You are trying to differentiate between 24 possible situations (any one of the 12 balls could be heavy, or light). You have only 3 weighings, each of which has 3 outcomes, for 27 possibilities. So you will have barely enough info to do this.
You have to select each weighing carefully.
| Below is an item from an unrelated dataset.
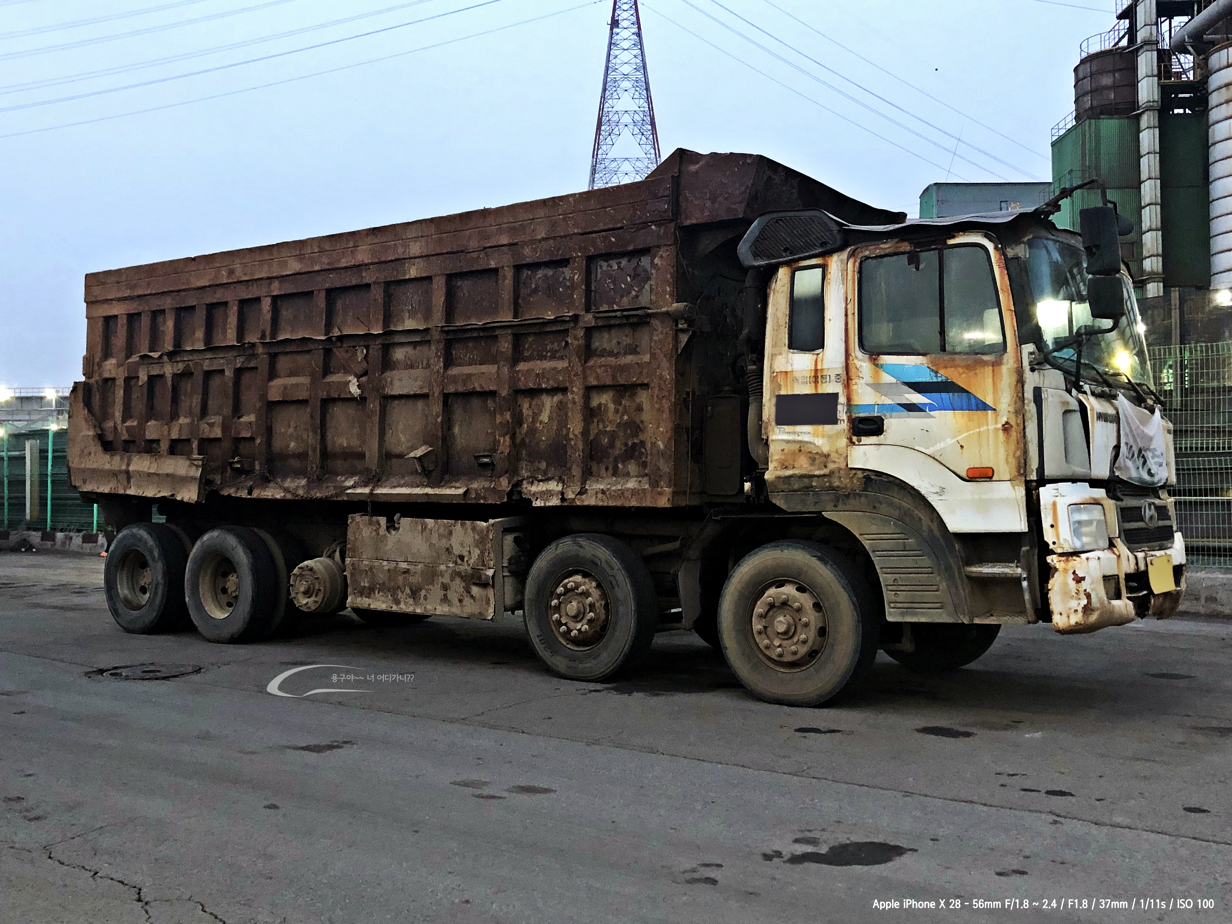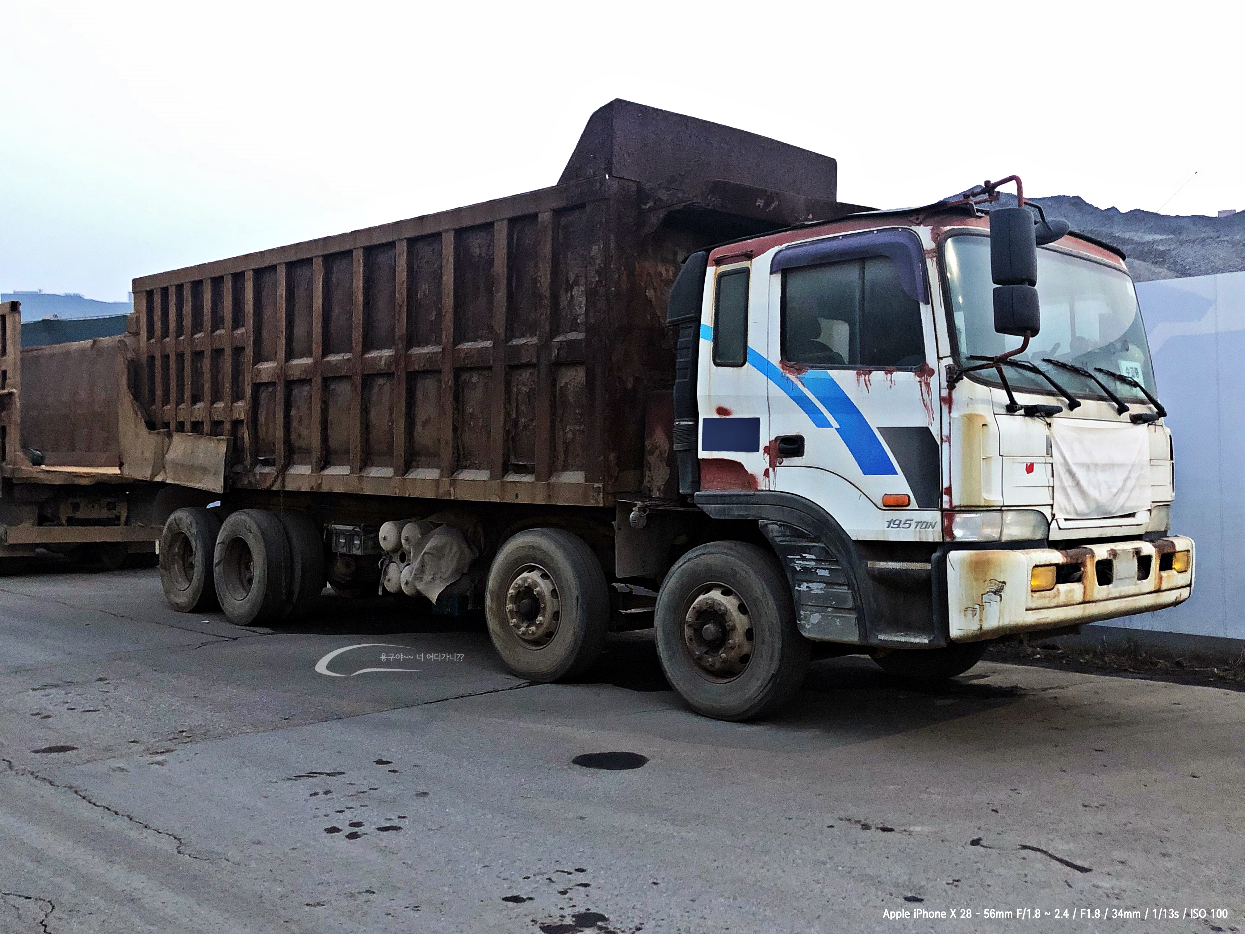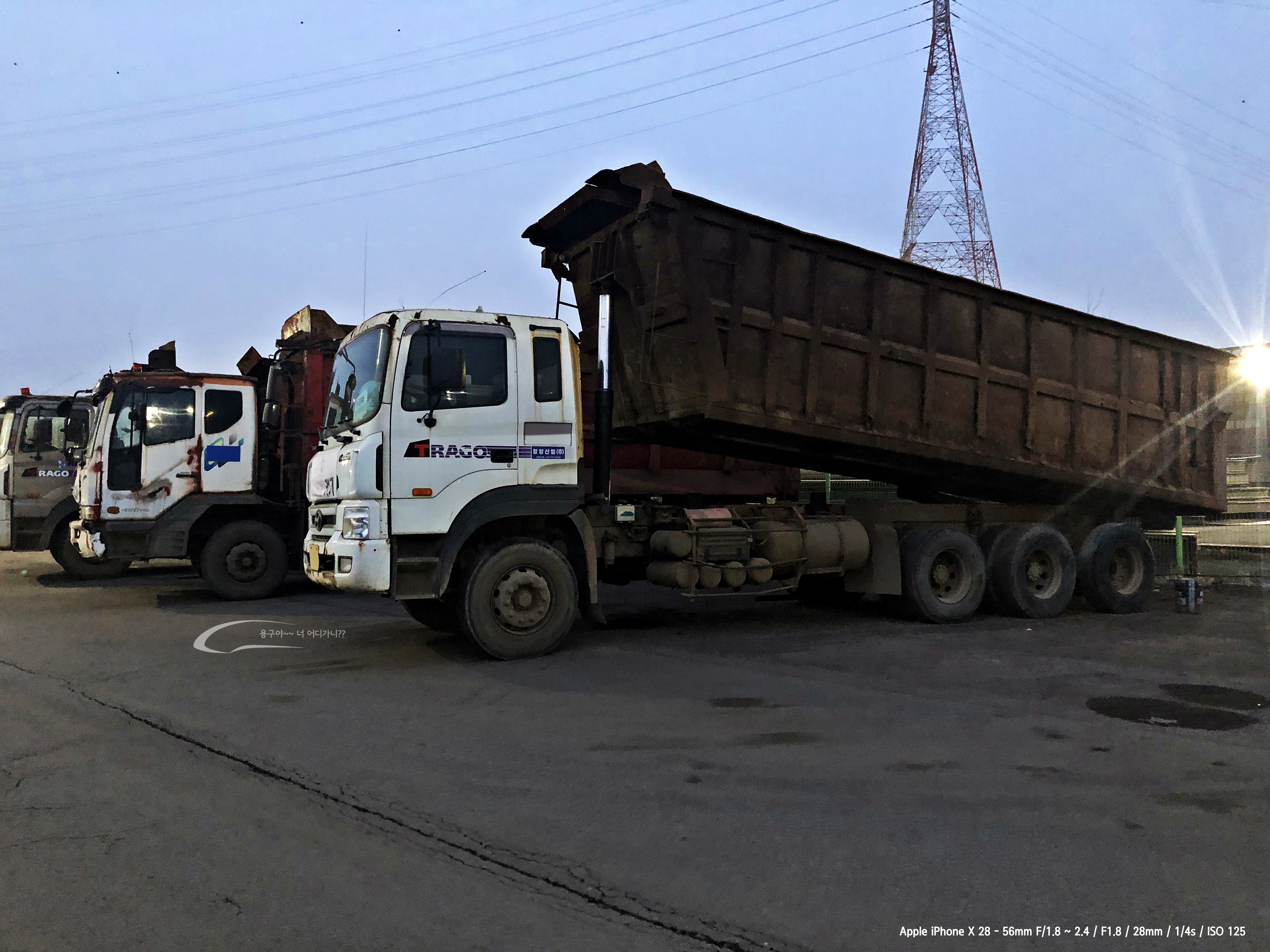 인터넷 지도 거리뷰 사진같이 북항 고철부두와 제철소 왔다갔다 운반하는 고철전용 트럭들이 고철을 싣고 쏟고 반복하니까 적재함은 이미 걸레짝이 되고 캡이 고철에 긁히고 찌그러지니까 상태가 걸레짝이 되었다.

After your first, no matter what happens, there must be 9 or less possibilities remaining, or else you have no hope of figuring out which one is the case with just 2 more weighings.
That observation will help you quickly sift through possibilities that can't work.
So here's a way to do it - there may be others.
For convenience, number the balls 1 to 12. For notational convenience I'll refer to the situation that 1 is heavy as "1H", that it's light as "1L", and likewise for "2H", "2L", etc.
First weighing:
1,2,3,4 vs. 5,6,7,8
If they balance:
The only possibilities left are that one of 9-12 is the odd one.
9H,9L,10H,10L,11H,11L,12H,12L
If the left side is heavier:
Either one of 1-4 is heavy, or 5-8 is light.
1H,2H,3H,4H,5L,6L,7L,8L
If the right side is heavier:
Same thing as above, but reversed, so I won't repeat it further.
Good so far - in all cases I have 8 possibilities left.
Second Weighing if First balances:
1,2,3 vs. 9,10,11
If they balance:
12H, 12L
12 is the odd one; third weighing weighs 1 vs. 12 to figure out whether it's heavy or light
If the left is heavier:
9L,10L,11L (1,2,3 are definitely not the odd one, remember)
Third weighing puts 9 vs. 10 - you either find that one is lighter, and it's your ball, or that they balance and 11 is light.
If the right is heavier:
9H,10H,11H - same thing.
Second Weighing if left is heavier on First weighing:
(similar to what happens if right is heavier)
1,2,5 vs. 3,4,6
If they balance:
7L,8L
Third weighing puts 7 vs. 8 to see which is the light odd one
If the left is heavier:
1H,2H,6L
Third weighing is 1 vs. 2 to find one heavier, or that 6 must be light.
If the right is heavier:
5L,3H,4H
Same thing - 3 vs. 4
The second weighings always leave 2 or 3 possibilities remaining, so that a third weighing can then find which possibility is the case.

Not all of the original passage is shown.